--- START ---

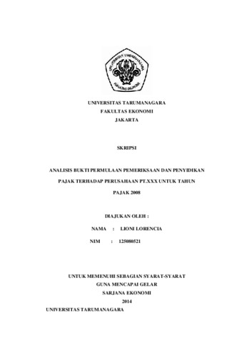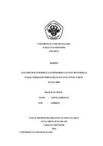 Lorencia, Lioni (2014) ANALISIS BUKTI PERMULAAN PEMERIKSAAN DAN PENYIDIKAN PAJAK TERHADAP PERUSAHAAN PT.XXX UNTUK TAHUN PAJAK 2008. Skripsi thesis, Universitas Tarumanagara.
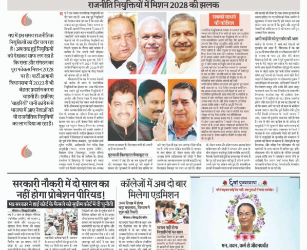 राजनीति नियुक्तियों में मिशन 2028 की झलक गौरव चौहान मप्र में इस समय राजनीतिक नियुक्तियों का दौर चल रहा है। अब तक हुई नियुक्तियों को देखकर साफ लग रहा है…
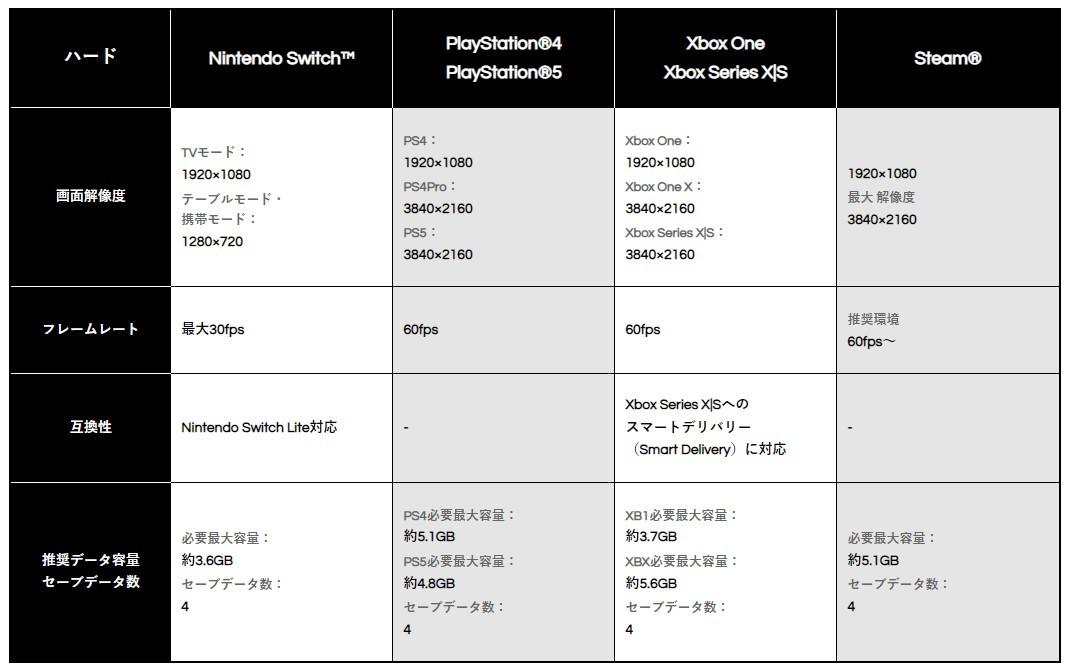 通过上面官方给出的表格不难看出,Steam版本和次世代主机在画面表现方面最佳可达分辨率3840*2160、帧率为60FPS,而任天堂Switch则由于性能相对不足,分辨率最高为底座模式1080P,掌机模式720P,两种模式下的帧率最高仅有30FPS,对于一款动作游戏来说,勉强及格。

--- END ---

Requirement
From the data above, write out everything exactly except the pictures.

Answer area
 Lorencia, Lioni (2014) ANALISIS BUKTI PERMULAAN PEMERIKSAAN DAN PENYIDIKAN PAJAK TERHADAP PERUSAHAAN PT.XXX UNTUK TAHUN PAJAK 2008. Skripsi thesis, Universitas Tarumanagara.
 राजनीति नियुक्तियों में मिशन 2028 की झलक गौरव चौहान मप्र में इस समय राजनीतिक नियुक्तियों का दौर चल रहा है। अब तक हुई नियुक्तियों को देखकर साफ लग रहा है…
 通过上面官方给出的表格不难看出,Steam版本和次世代主机在画面表现方面最佳可达分辨率3840*2160、帧率为60FPS,而任天堂Switch则由于性能相对不足,分辨率最高为底座模式1080P,掌机模式720P,两种模式下的帧率最高仅有30FPS,对于一款动作游戏来说,勉强及格。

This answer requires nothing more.